Dr Reddys Laboratories Ltd is Rated Hold

Current Rating Overview

MarketsMOJO’s 'Hold' rating for Dr Reddys Laboratories Ltd indicates a cautious stance for investors. This rating suggests that while the stock may not be an immediate buy, it is not a sell either, reflecting a balanced outlook based on multiple factors. The rating was revised on 04 May 2026, when the Mojo Score decreased by 20 points from 71 to 51, signalling a shift in the stock’s overall assessment. Investors should understand that this rating encapsulates a comprehensive evaluation of quality, valuation, financial trends, and technical indicators as they stand today.

Quality Assessment

As of 08 June 2026, Dr Reddys Laboratories maintains a good quality grade. The company demonstrates high management efficiency, evidenced by a robust return on equity (ROE) of 15.68%. This level of ROE reflects effective utilisation of shareholder capital to generate profits, a positive sign for long-term investors. Additionally, the company is net-debt free, which reduces financial risk and provides flexibility for future investments or weathering economic downturns.
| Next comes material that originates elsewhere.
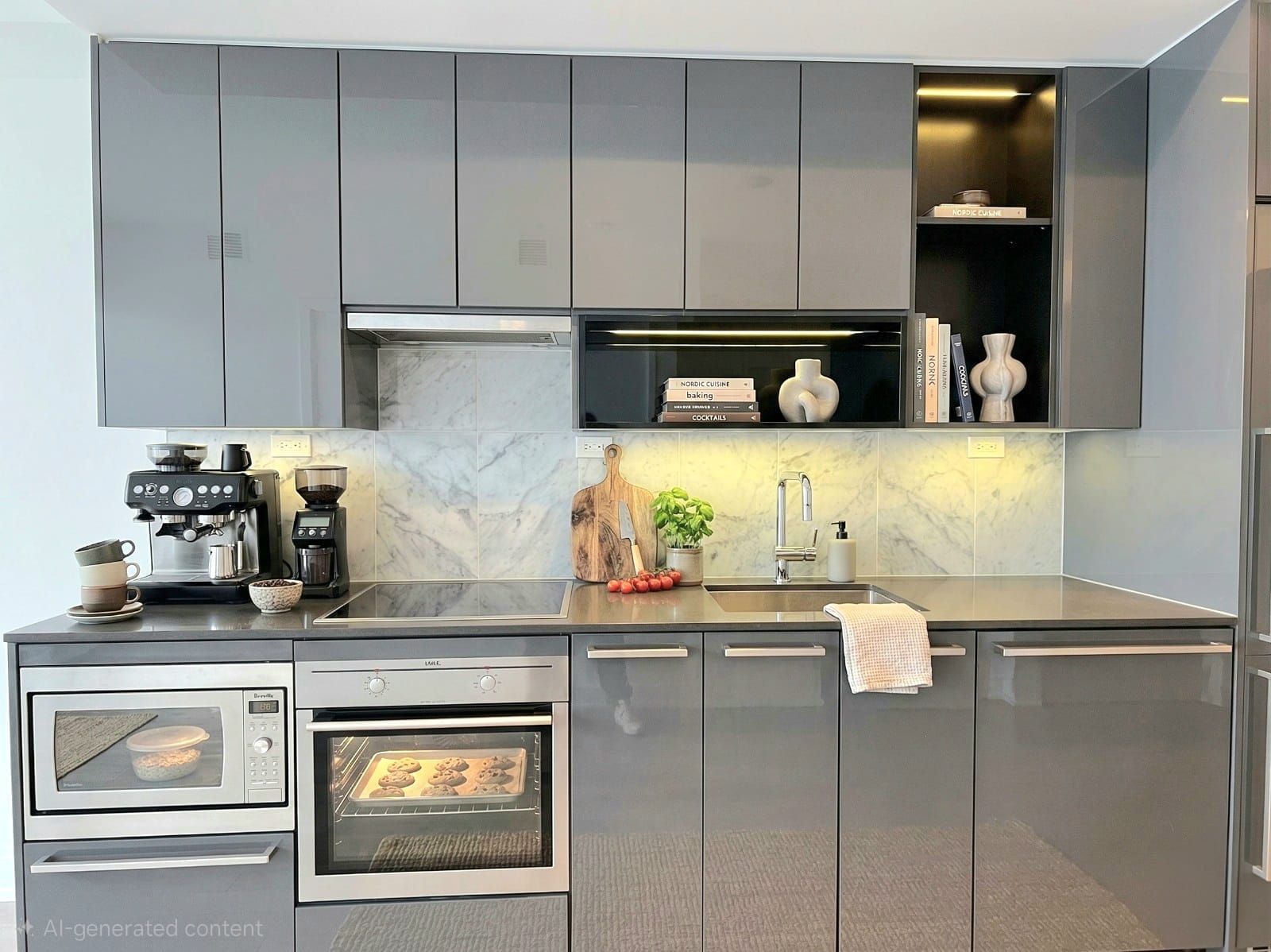 • Modern kitchen features granite countertops and a stylish backsplash.

The steady annual growth rate of net sales at 12.09% over the long term further supports the company’s quality credentials, indicating sustained demand and operational strength in the Pharmaceuticals & Biotechnology sector.

Valuation Considerations

The valuation grade for Dr Reddys is currently assessed as fair. The stock trades at a price-to-book (P/B) ratio of 2.8, which is a premium relative to its peers’ historical averages. This premium suggests that the market prices in expectations of future growth or other qualitative factors. However, investors should note that the company’s return on equity has moderated to 11.1%, which tempers the valuation premium somewhat. The stock’s performance over the past year has been subdued, with a total return of -0.94%, reflecting some investor caution amid recent financial results. The fair valuation grade implies that while the stock is not undervalued, it remains reasonably priced given its fundamentals and sector positioning.

Financial Trend Analysis

The financial trend for Dr Reddys Laboratories is currently very negative. The latest quarterly results, as of March 2026, reveal a 13.79% decline in net sales, marking the third consecutive quarter of negative earnings. Operating profit to interest coverage has fallen to a low of 3.62 times, indicating tighter margins and increased pressure on earnings before interest and taxes. Return on capital employed (ROCE) has also declined to 12.64%, signalling reduced efficiency in generating returns from invested capital. The quarterly profit after tax (PAT) has dropped to Rs 220.90 crores, reflecting the challenges faced in the recent period. These financial headwinds have contributed significantly to the downward revision in the Mojo Score and the current Hold rating, highlighting the need for investors to monitor the company’s recovery trajectory closely.

Technical Outlook

From a technical perspective, Dr Reddys Laboratories is rated as mildly bullish. The stock has shown modest positive movement in the short term, with a 1-day gain of 0.85% and a 1-month increase of 0.54%. However, the 3-month and 1-year returns have been negative at -2.68% and -0.94%, respectively, reflecting some volatility and uncertainty in market sentiment. The mildly bullish technical grade suggests that while there is some upward momentum, it is not strong enough to warrant a more aggressive buy stance. Investors relying on technical analysis should consider this alongside the fundamental challenges currently faced by the company.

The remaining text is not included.